Coloco os robôs dentro do grande tema do encontro com o outro porque são capazes de significar o domínio da produção técnica apresentada no formato humano, tocando esse humano em seu íntimo sem que – somente à primeira vista – ele seja ferido em seu íntimo. A palavra “robot” vem da peça R.U.R – Rossum’s Universal Robots – do escritor tcheco Karel Čapek, onde seres artificiais são criados para realizar trabalho físico, sujeitos ao sentimento de cansaço e outras emoções humanas, revelando-se destrutivos quando conseguem aniquilar a raça humana, no epílogo da peça. Porém, um robô como Robbie, de Asimov, servil e fiel, mostra que o ser humano pode depender da tecnologia e nela confiar inclusive seu valor considerado mais precioso, a vida. É também Asimov que prevê o risco da confiança na tecnologia por sua capacidade de superação humana em termos de força e inteligência, quando em 1942 publica as já mencionadas três leis da robótica definidas para proteger a humanidade da ação maléfica desse outro que se aproxima tanto do Eu a ponto de desejar ferir seu semelhante.

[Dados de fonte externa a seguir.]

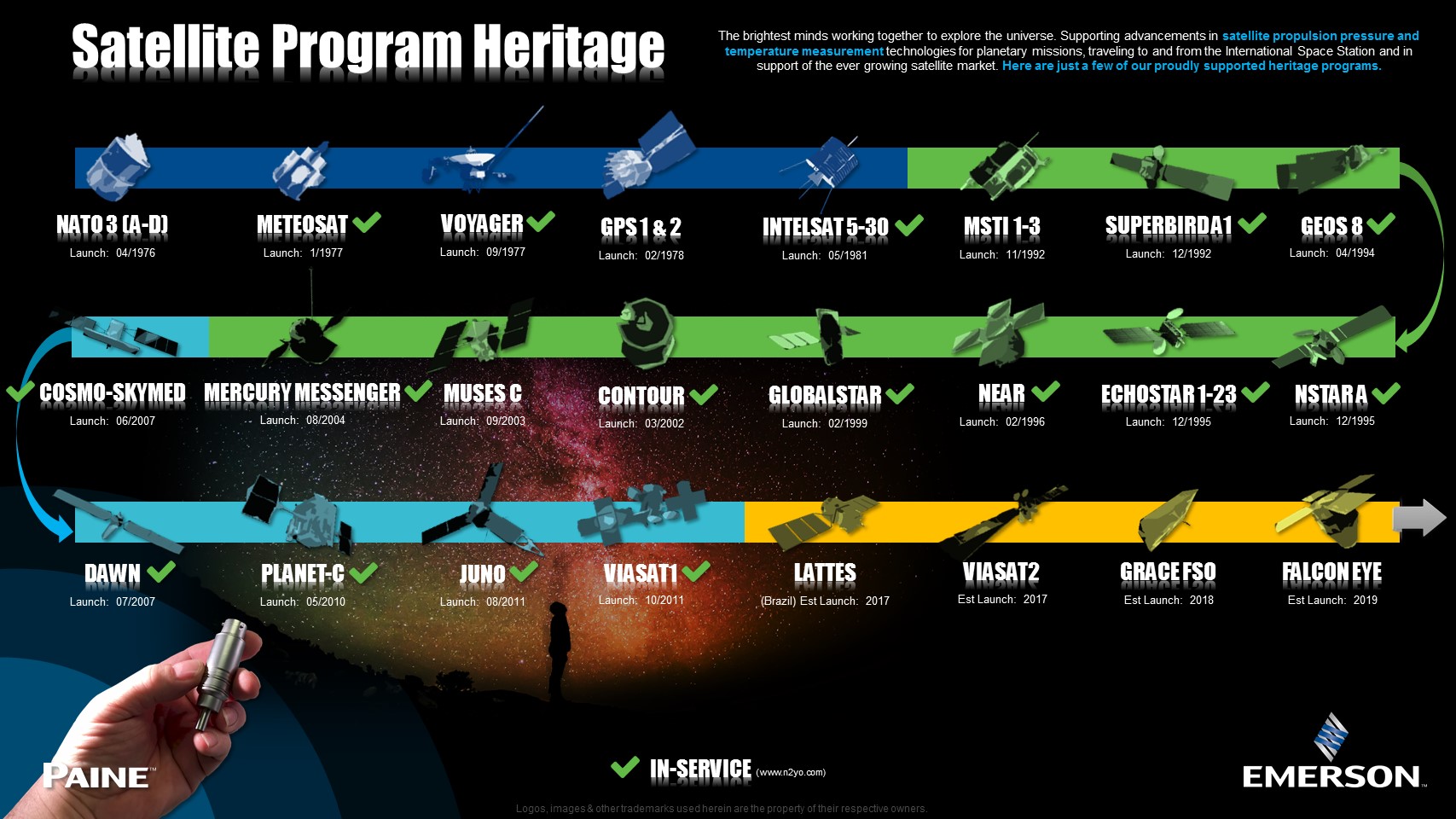 Des ajustements sophistiqués des fusées auxiliaires pour un voyage épique sur Jupiter, jusqu'au réseau mondial sans cesse croissant de satellites, les capteurs Paine™ d'Emerson sont utilisés comme référence pour les ingénieurs développant de nouveaux capteurs personnalisables pour les mesures critiques de leur mission.
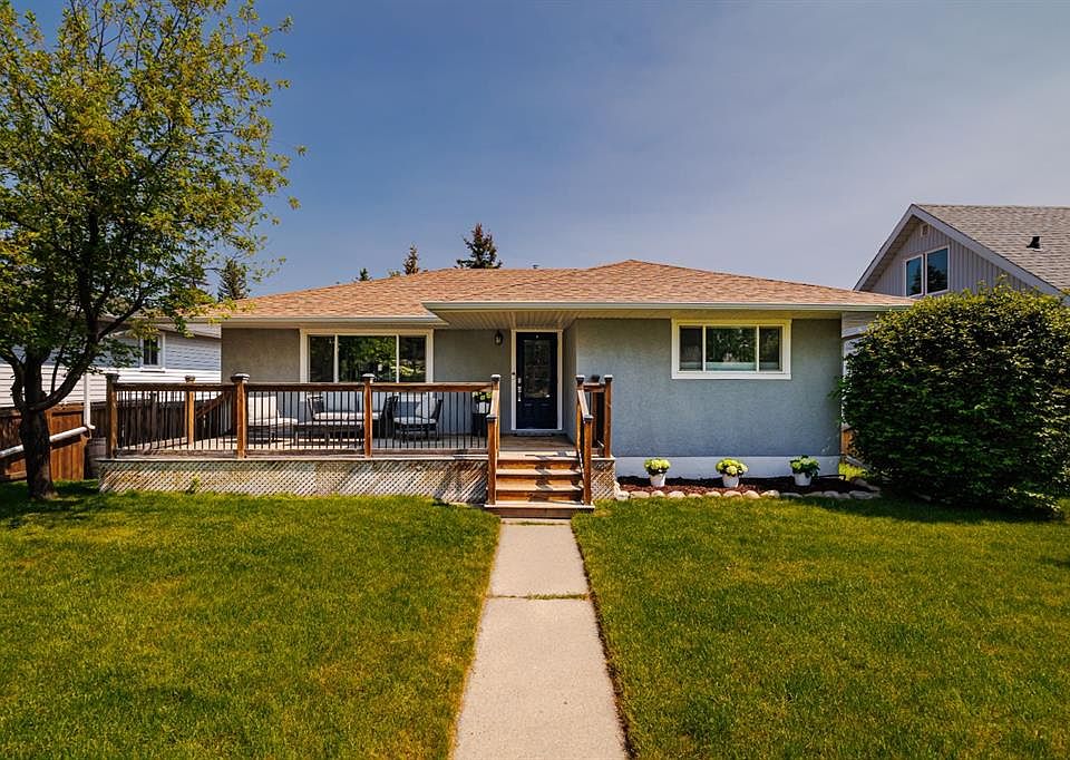 Welcome to this thoughtfully renovated 4-bedroom, 2-bath bungalow offering over 1,900 sq. ft. of beautifully finished living space in one of Calgary’s most desirable inner-northwest communities. Inside, natural light fills the open-concept main floor, blending modern design with timeless comfort. The stunning kitchen showcases sleek two-tone cabinetry, quartz countertops, a large island with seating, and stainless-steel appliances—perfect for everyday living or entertaining. The spacious living room enjoys views of mature trees through a picture window and a cozy gas fireplace, while the adjoining dining area provides the perfect setting for family dinners. Two generous bedrooms and a stylish 4-piece bathroom complete the main level. The fully developed lower level brings exceptional versatility with two additional bedrooms, a full bathroom, a comfortable recreation area with wet bar, and a bright laundry room—ideal for families, guests, or a work-from-home setup. Step outside to enjoy multiple outdoor spaces: a large front deck perfect for morning coffee, a private rear patio with fire-pit area, and a rare rooftop patio above the garage—a peaceful retreat for evenings under the stars. The attached single-car garage and additional off-street parking add year-round convenience. With a newer furnace, hot water tank, windows, A/C, roof, and sewer line, all the big-ticket items have been taken care of, giving you complete peace of mind. Located on a quiet, tree-lined street, this home is just minutes from Confederation Park, SAIT, the Winter Club, and downtown. With quality craftsmanship, smart updates, and a welcoming atmosphere, this home delivers modern living in a mature, established neighbourhood.
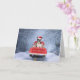 Cartão Cão Boston Terrier na neve sentado no Natal
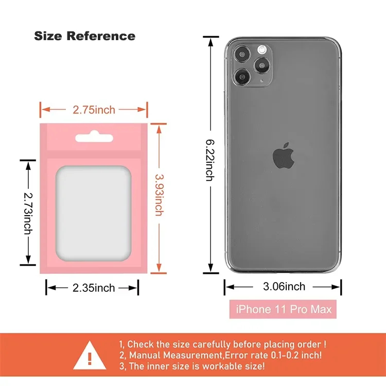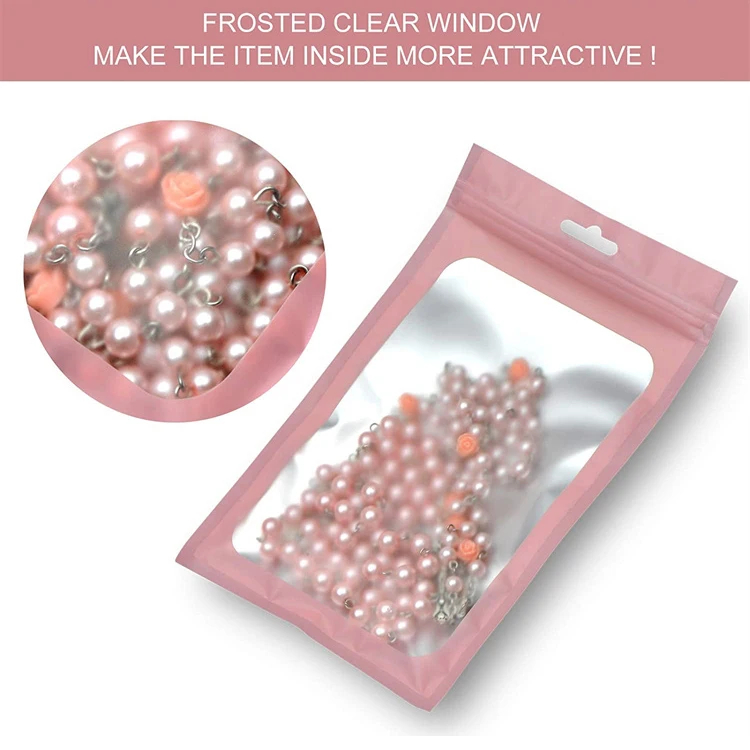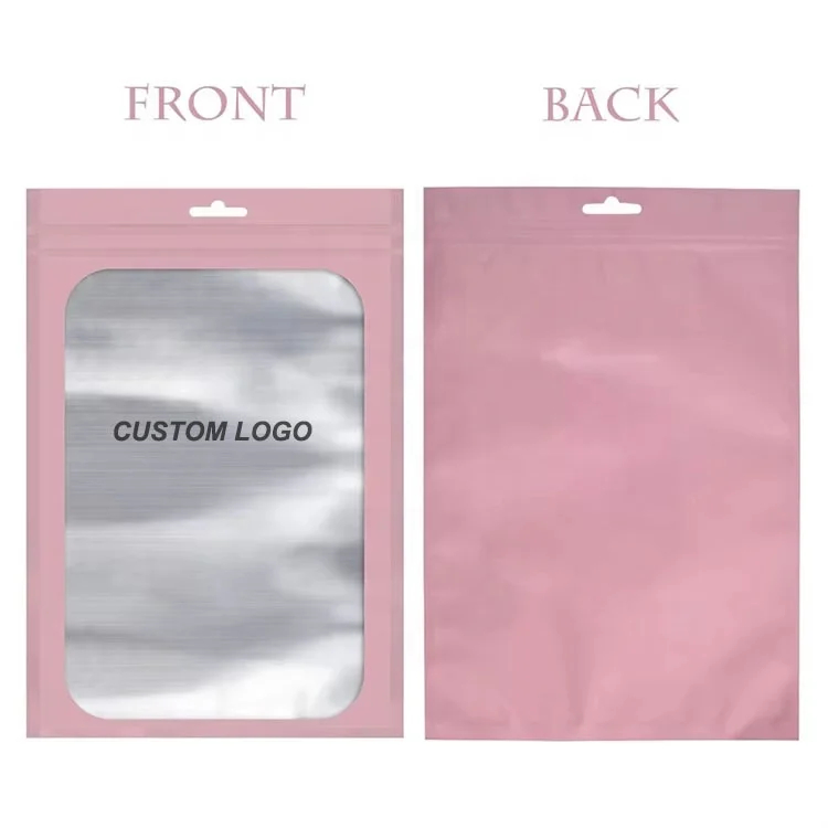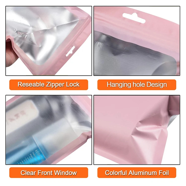 Custom 3 Side Seal Pouch Pearl Aluminum Foil Mylar Bags Smell Proof Plastic Clear Front Zip Lock Display Bag with Hang Hole
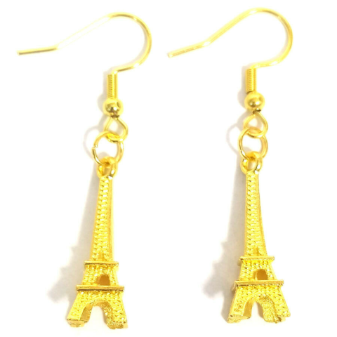 Eiffel-torony fülbevaló, választható arany vagy ezüst színű akasztóval
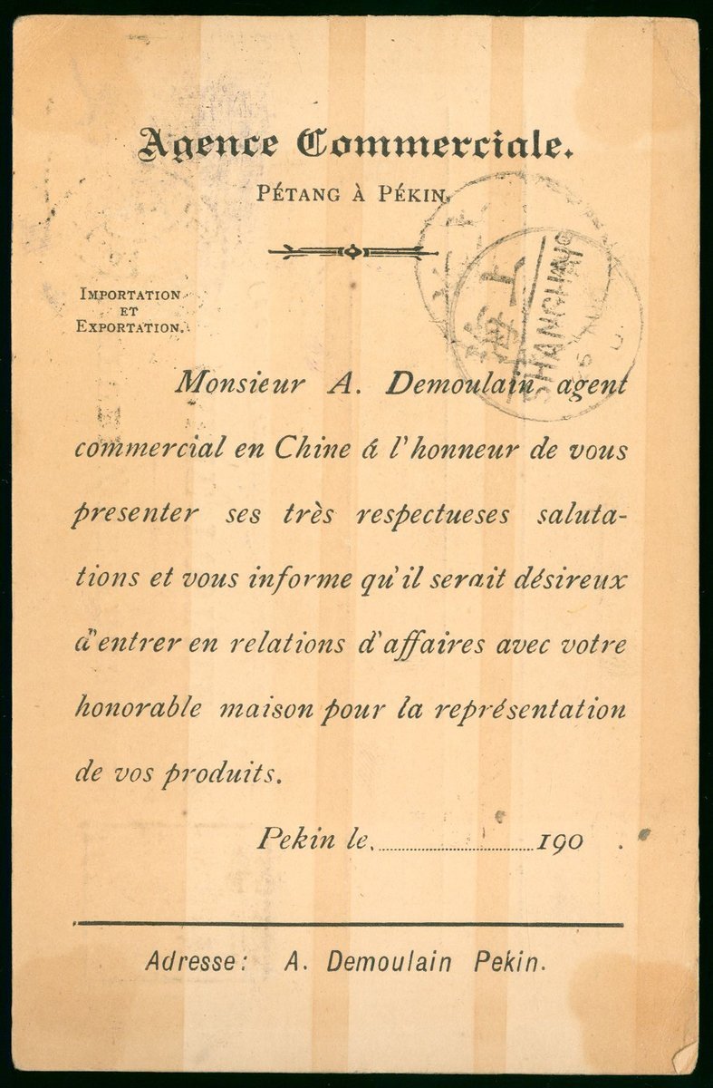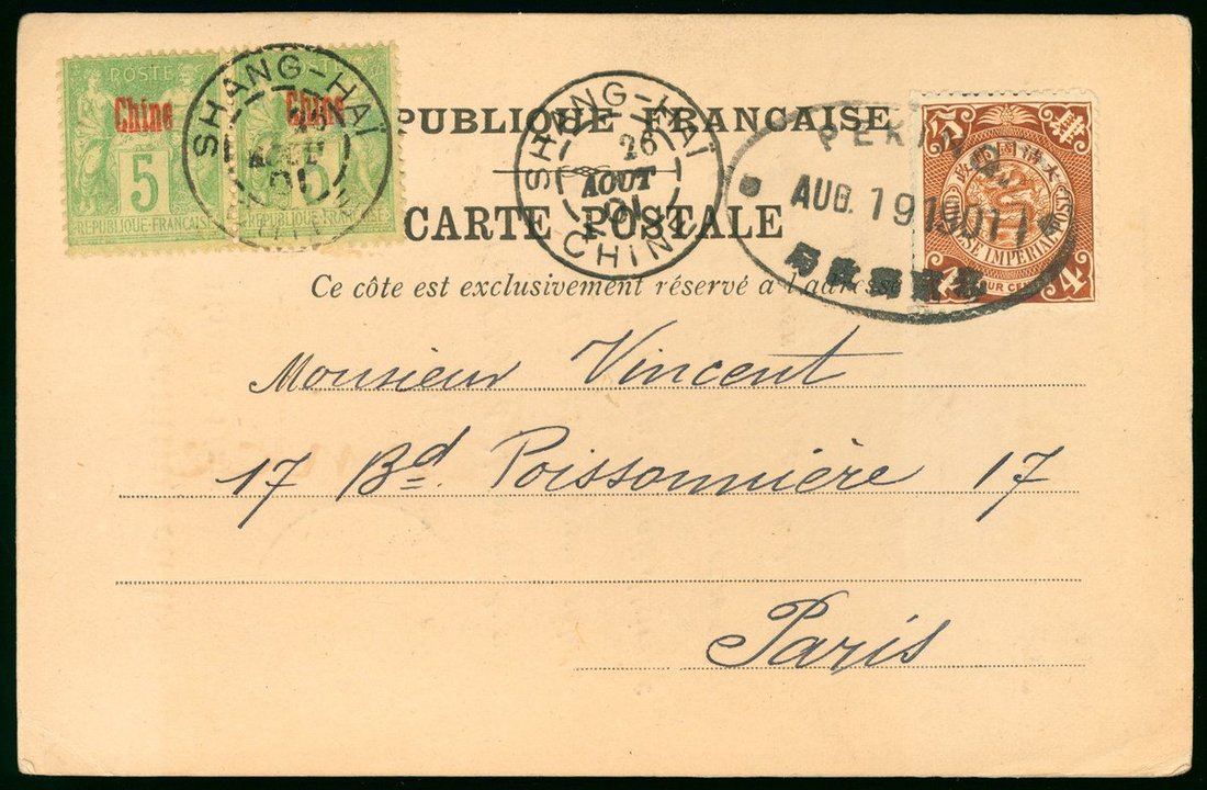 1901年北京寄巴黎明信片1件,貼倫敦版蟠龍棕4分1枚,法國客郵5分2枚,蟠龍銷北京郵政局8月19日英漢橢圓戳,經上海中轉,有上海25日小圓戳,法國客郵銷上海26日法國客郵局日戳,保存完好

3 PERCURSO ENTRE HISTÓRIAS

Antes de oferecer o olhar aproximado das obras determinadas para análise, é relevante encontra-las na linha to tempo. Por serem obras publicadas a partir dos anos 90, período considerado pós-cyberpunk, dedico algumas páginas a relatar brevemente, apoiada em historiadores da FC, seus períodos históricos desde o início do século XIX, apesar de muitos autores considerarem o início do modo FC, como prática, antes. Adam Roberts e Brian Stableford, por exemplo, encontram precursores das obras de FC nos séculos XVII e XVIII, nas histórias de viagens extraordinárias ou as viagens imaginárias de autores como Francis Bacon (1627), Tommaso Campanella (1623), Jonathan Swift (1726), Francis Godwin (1638), John Wilkin (1638), Voltaire (1752), entre outros, embora essas histórias apelassem mais para a fantasia e o sonho do que para as explicações possíveis de que fala Schmidt. Darko Suvin fala da Utopia de Thomas Morus (1516), mesmo não tratando Utopia e FC como necessariamente conectadas ou interdependentes.

Optei pela divisão histórica que segue por me dedicar a um trabalho focado na FC contemporânea, pensando que o período de maior relevância para pensar esse assunto acontece partir do trabalho de Mary Shelley, Frankenstein (1818) e não por desacreditar na existência do modo FC em períodos anteriores. Como já pontuado, o termo “ficção científica” surgiu em 1926, um século após a obra de Shelley, contudo, aquilo que se pensa como FC a partir dessa denominação de Gernsbeck, com muitas das definições e condicionamentos dados desde então, pode ser aplicado à história do Dr. Frankenstein e a inúmeras outras obras publicadas antes disso. Algumas décadas mais tarde, nasceram Julio Verne e H.G. Wells, importantes autores que ajudaram a definir muito do que se escreveu depois, principalmente por terem dedicado a maior parte de sua obra à ficção especulativa, cada um a seu modo.

Na necessidade de definir um ponto inicial para a históia, proponho partir da obra de Shelley, seguindo para Verne e H.G. Wells e, a partir de então, entrar no século XX até o presente. Utilizo a divisão histórica de Adam Roberts (2005) e Edward James e Farah Mendelsohn (2011), por encontrar nela os períodos seccionados a critério dos movimentos em cada época, ao contrário de autores que preferem dispor a linha temporal dividida por décadas. E, por fim, o objetivo de apresentar um panorama breve da história da FC até o presente está em relatar alguns dos principais temas e autores que construíram esse modo de pensamento, dando base para a reflexão sobre o que acontece hoje nessa área das artes, especialmente a literatura.